Sites like Wikipedia and Google have transformed the pedant’s armoury from a rather limp bow and arrow to an arsenal of machine guns and machetes. Cower as they wage war on inappropriate jokes! Swoon as they valiantly fight the battle of the ‘i before e except after c’ rule and, well, roll your eyes and log off at the sheer pathetic pointlessness of it all.

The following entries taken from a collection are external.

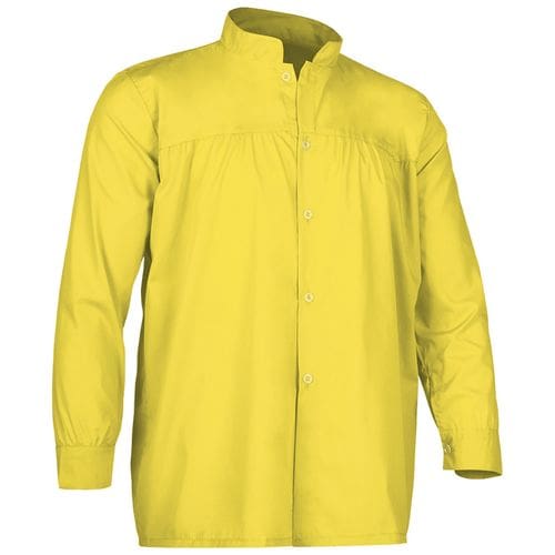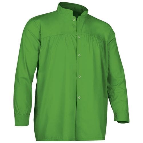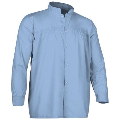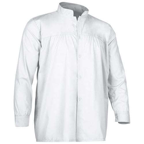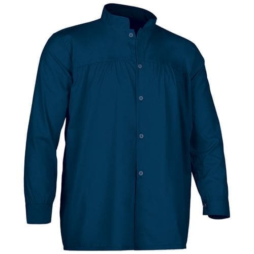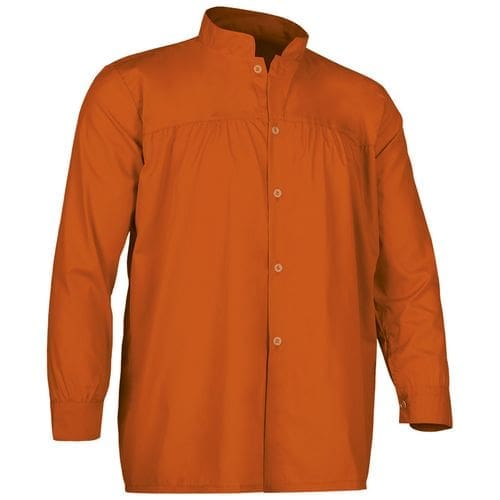 blusão de camisola larga, de manga comprida. confeccionado em tecido de algodão em popelina, mesclado com poliéster resistente e durável. gola redonda elevada e fixação frontal com botões, incluindo espaço na parte inferior para fixação opcional do nó. canesú com franzido em parte superior para maior soltura e conforto. mangas compridas com punhos abotoados para um melhor ajuste. métodos adequados de marcação: bordado, estampagem, vinil, transfer, etc. ideal para festas populares e para vestir associações ou bandas populares.Composition : 65% poliéster 35% algodão.
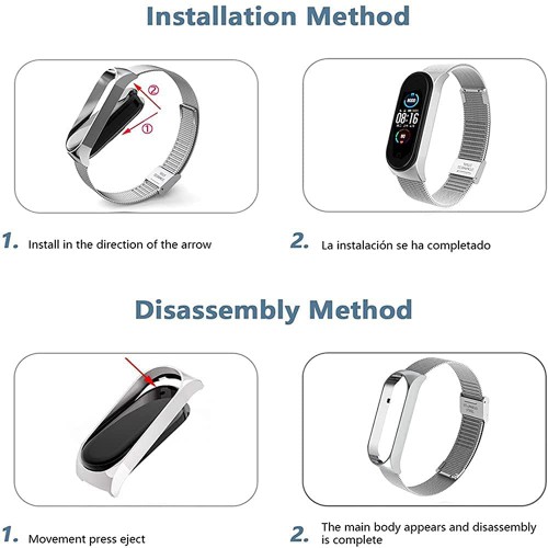Specifications: Product material: stainless steel Product weight: about 41g Applicable products: For xiaomi mi band 6/5/4/3 Suitable for wrist size range: 165mm—210mm Tips: This product has only frame + strap, does not contain the watch body. The strap does not fit for Amazfit band 5,please double check before order Package Included: 1*For Mi Band 6/5/4/3 Strap 1* Adjustment Tool
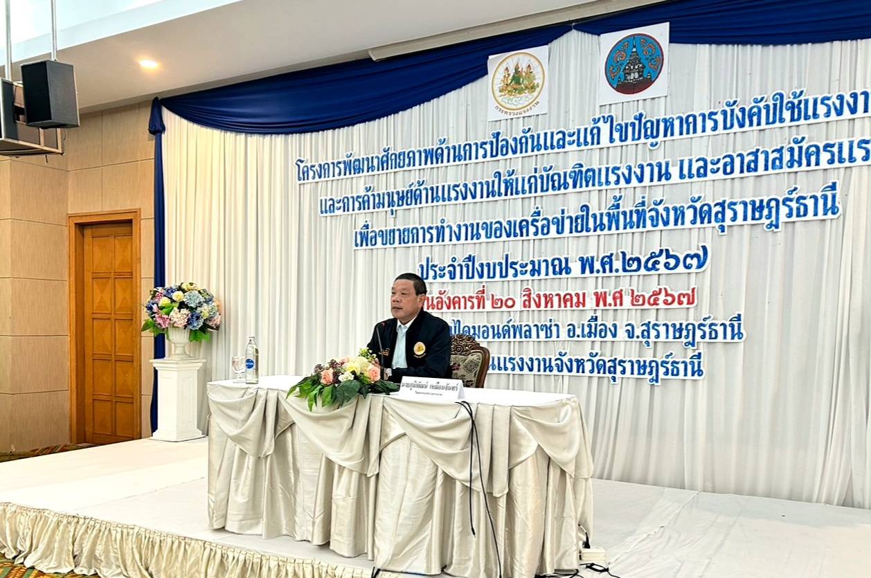 วันที่ 20 สิงหาคม 2567 นายภูมิพัฒน์ เหมือนจันทร์ โฆษกกระทรวงแรงงาน เปิดเผยว่า ท่านพิพัฒน์ รัชกิจประการ รัฐมนตรีว่าการกระทรวงแรงงาน ให้ความสำคัญในการยกระดับมาตรฐานการคุ้มครองดูแลและป้องกันไม่ให้แรงงานไทยและแรงงานต่างชาติตกเป็นผู้เสียหายจากการค้ามนุษย์ ในวันนี้จึงได้มอบหมายให้ผมมาเป็นประธานเปิดโครงการพัฒนาศักยภาพด้านการป้องกันและแก้ไขปัญหาการบังคับใช้แรงงานหรือบริการและการค้ามนุษย์ด้านแรงงานให้แก่บัณฑิตแรงงานและอาสาสมัครแรงงาน เพื่อขยายการทำงานของเครือข่ายในพื้นที่จังหวัดสุราษฎร์ธานี ประจำปีงบประมาณ พ.ศ.2567 โดยมี นางสาวอารีย์ การธิโรแรงงานจังหวัดสุราษฎร์ธานี กล่าวรายงาน นายพิชัย ชมพูพล สมาชิกสภาผู้แทนราษฎรจังหวัดสุราษฎร์ธานี หัวหน้าส่วนราชการหน่วยงานสังกัดกระทรวงแรงงานจังหวัดสุราษฎร์ธานี บัณฑิตแรงงานและอาสาสมัครแรงงานจังหวัดสุราษฎร์ธานี ผู้เข้ารับการอบรม ร่วมให้การต้อนรับ ณ โรงแรมไดมอนด์พลาซ่า อำเภอเมือง จังหวัดสุราษฎร์ธานี
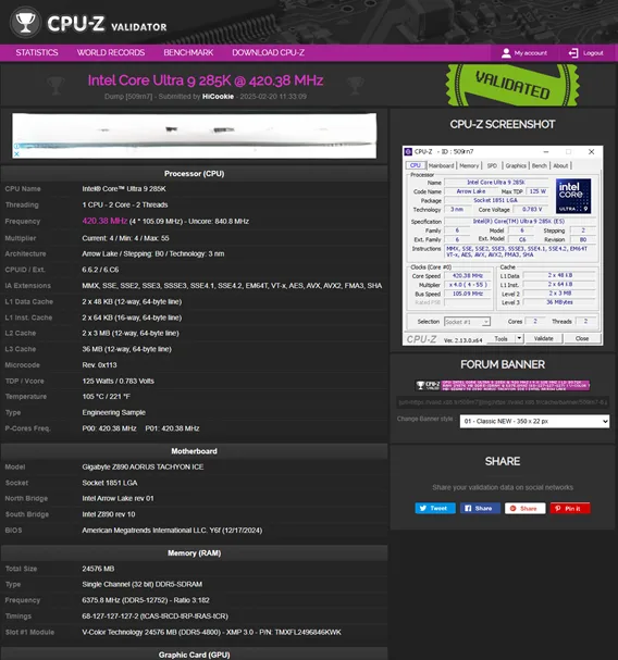 Gigabyte Technology, colosso indiscusso nel mondo delle schede madri, schede grafiche e soluzioni hardware, ha appena compiuto un’impresa incredibile. La loro ultima creazione, la scheda madre Z890 AORUS TACHYON ICE, abbinata al potentissimo processore Intel® Core Ultra™ (Serie 2), ha permesso al leggendario overclocker HiCookie di stabilire un nuovo record mondiale con una frequenza di DDR5-12752!
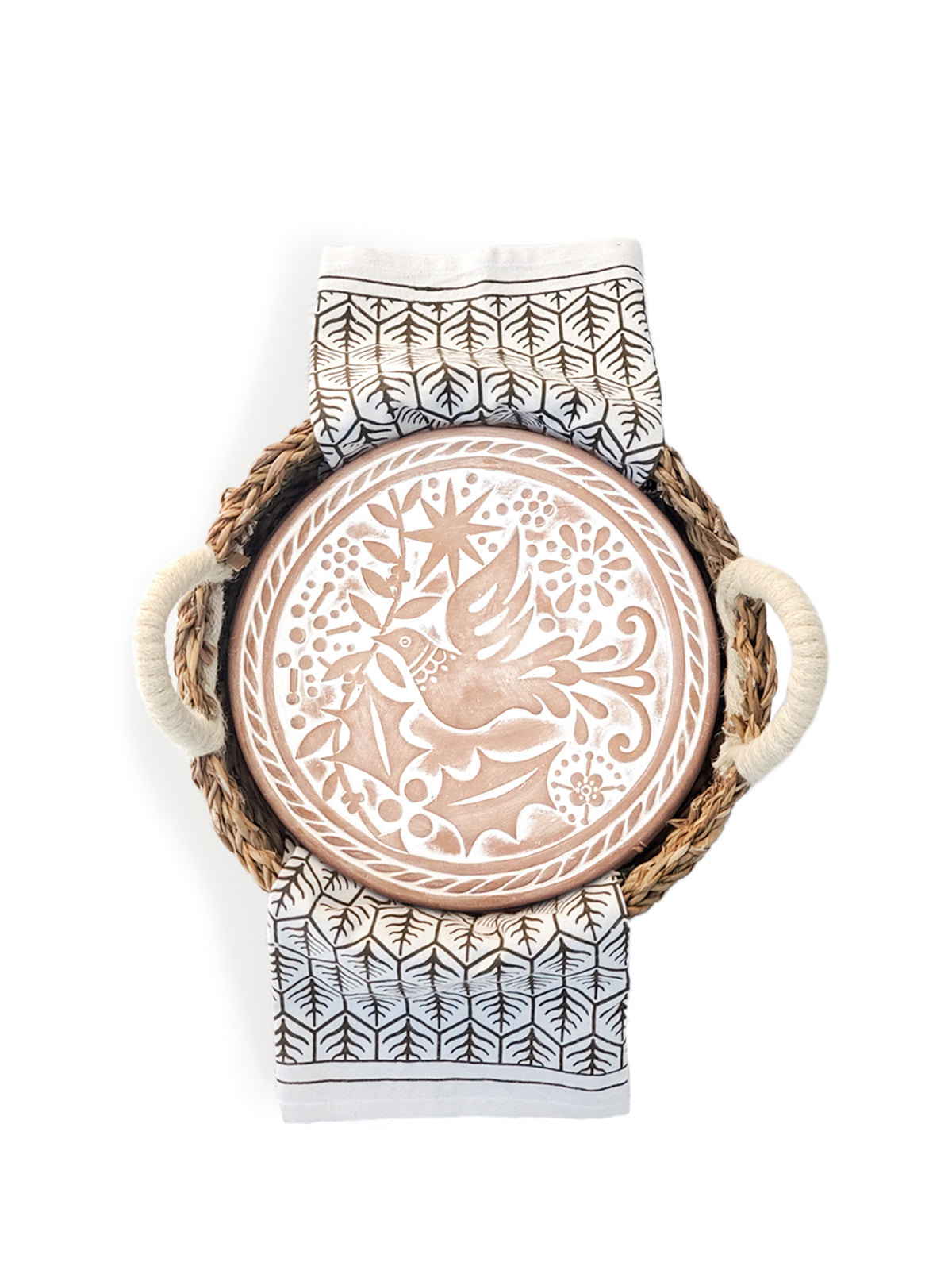 KORISSA Bread Warmer & Basket Gift Set with Tea Towel - Bird Round by KORISSA wholesale product delivery near me | | Fulfilled by our friends at KORISSAAbout This HandicraftAdd a bit of artisan-inspired style to the kitchen with a terracotta bread warmer and hand screen printed tea towel. Engraved with a bird design and cut to fit neatly into a round basket, this terracotta special bread warmer is naturally insulating, and the basket itself has been handwoven from sustainably grown seagrass. The tea towel is great for drying dishes or hands in the kitchen, lining a bread basket. They are the best gift items for anyone who loves bread!Included items, (1) Terracotta Breadwarmer, (1) Seagrass basket and (1) Tea towel of your choice. Each product is designed and curated by KORISSA, sustainably handmade by Fair Trade artisans in Bangladesh. Dimensions & More DetailsSize: Approximately - (Bread Warmer) 0.5"tall x 9”round- (Basket) 3.25"tall x 11"round- (Tea Towel) 19.50" wi..
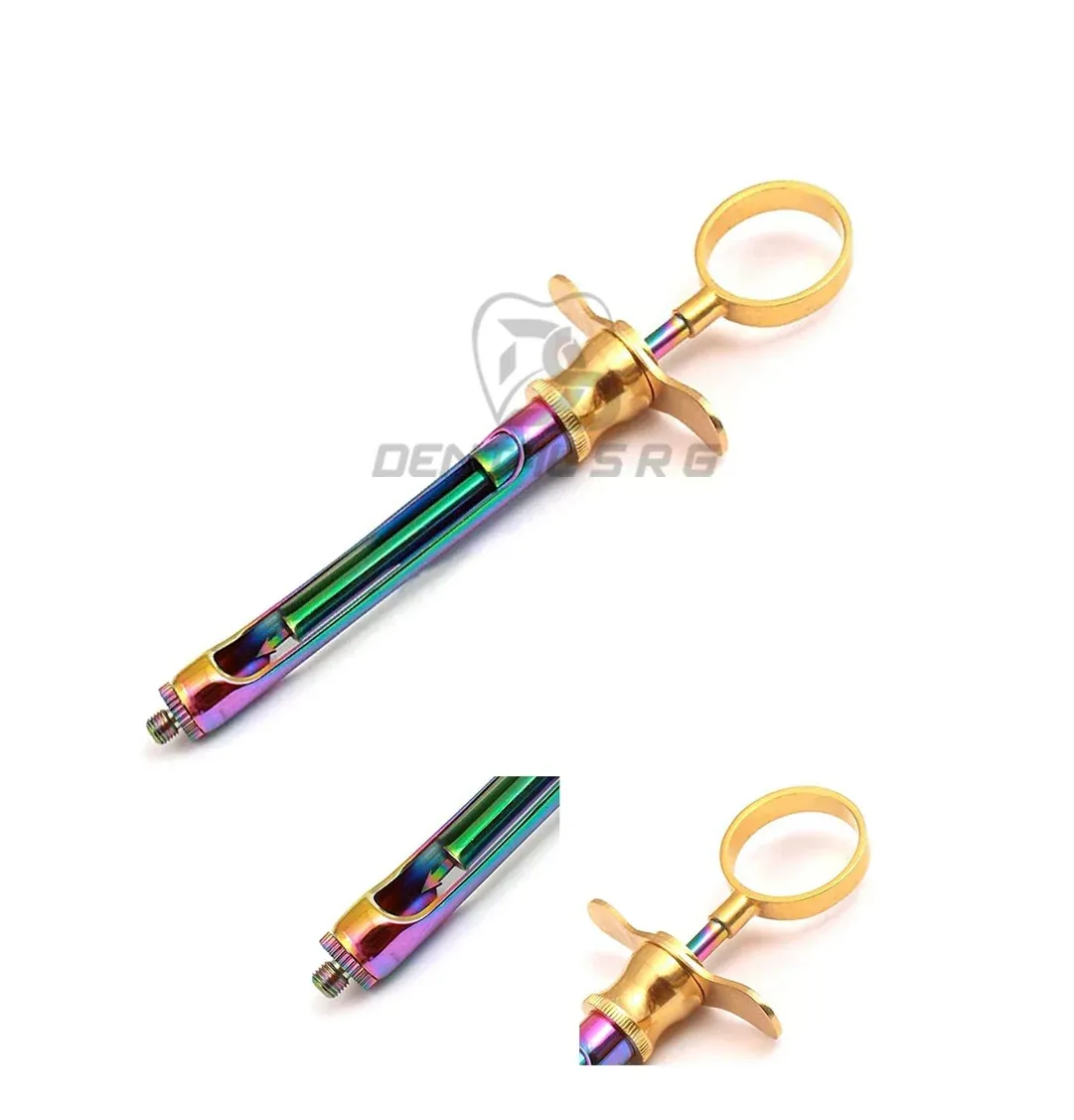 - Set Of 3 Pcs Dental Self Aspirating Anesthetic Syringe 1.8ML Gold And Rainbow Color
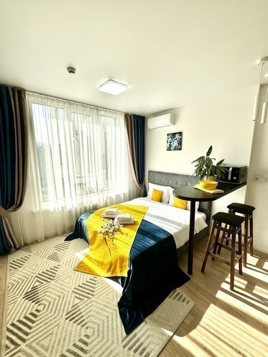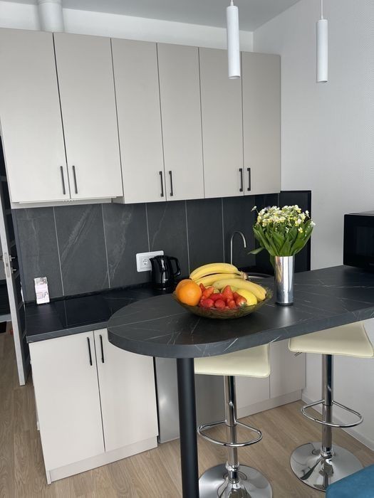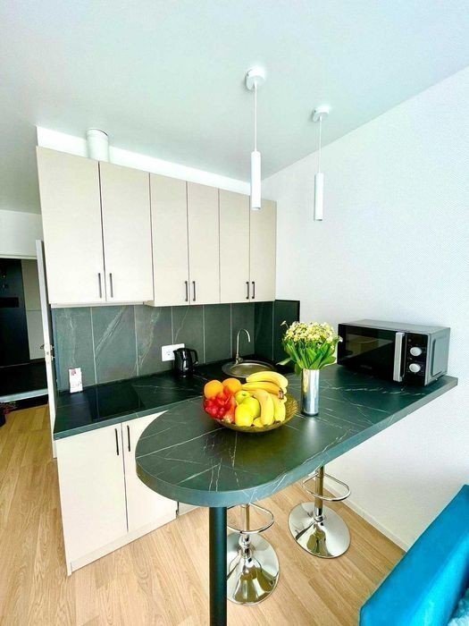 Апартаменти із видом на місто в ЖК бізнес класу Be the One за 5 хвилин пішки від метро Академмістечко та Житомирська. Зроблений новий дизайнерський ремонт у сучасному стилі повністю оснащена комфортними меблями які виготовленні під індивідуальне замовлення та технікою; - зручна кухня; -електрочайник; - мікрохвильова піч; -холодильник; -варочна поверхня; -телевізор; -праска; -фен Також є необхідний посуд. Зручне ліжко з ортопедичним матрасом та нішею для зберігання постілі, просторий санвузол з душовою кабіною, пральна машина, бойлер. В коридорі вмістка зручна шафа-купе. У дворі знаходиться ТЦ Академсіті де є все необхідне: аптеки, супермаркет VARUS, кафе : Molino і Сушия; хімчистка, магазини з сухофруктами, одяг та взуття, приват банк поруч. Зручна транспортна розв'язка. За 10км від Михайлівського Золотоверхого монастиря та 12 км від Володимирського собору. Квартира-Студія 20кв. м в сучасному будинку в якому поєднані комфорт і сучасні технології. При вході в під'їзд вас зустрічає консьєрж з охороною, а також просторе лобі для загального користування де ви зможете попрацювати зі смачною кавою, кавомашини розташовані поряд, підземний паркінг, швидкісні ліфти. Можлива оренда почасово. Час заселення 15.00 час виселення до 11.00 Вартість оренди квартири залежить від кількості днів проживання та від дня тижня, ціну уточняйте у менеджера, за номером телефону, який вказаний в оголошенні. Дана ціна вказана за оренду від 7 днів В квартирі заборонено курити та організовувати вечірки. Будемо раді зустрічі з Вами)

You could argue, and I probably would, that maybe if you don’t want to be picked up on your every word by someone called Colin in South Merton you should do one of two things: 1. Shut up. 2. Make sure you’re right. I am in the unfortunate position of being one of those people who hates to look stupid or ill-informed. If only more of my fellow humans had the same sensibilities. So, before I open my mouth or commit something to print, I do try to make sure that what I’m about to say will not make me look as if I have never picked up a book in my life. I know they say ‘nothing ventured, nothing gained’ but that doesn’t really wash when you’ve just claimed that John Travolta’s hair is all his own on Twitter, only to be regaled with 7,000 replies showing a zoomed pic of his unfortunate hair plugs. We all make mistakes — God knows I sometimes make them willingly — but if you’re going to show your foibles to an audience of, say, 10,000 people, don’t be surprised when two thirds of them come back to you within seconds pointing out your erroneous use of a hyphen when it should have been an n-dash.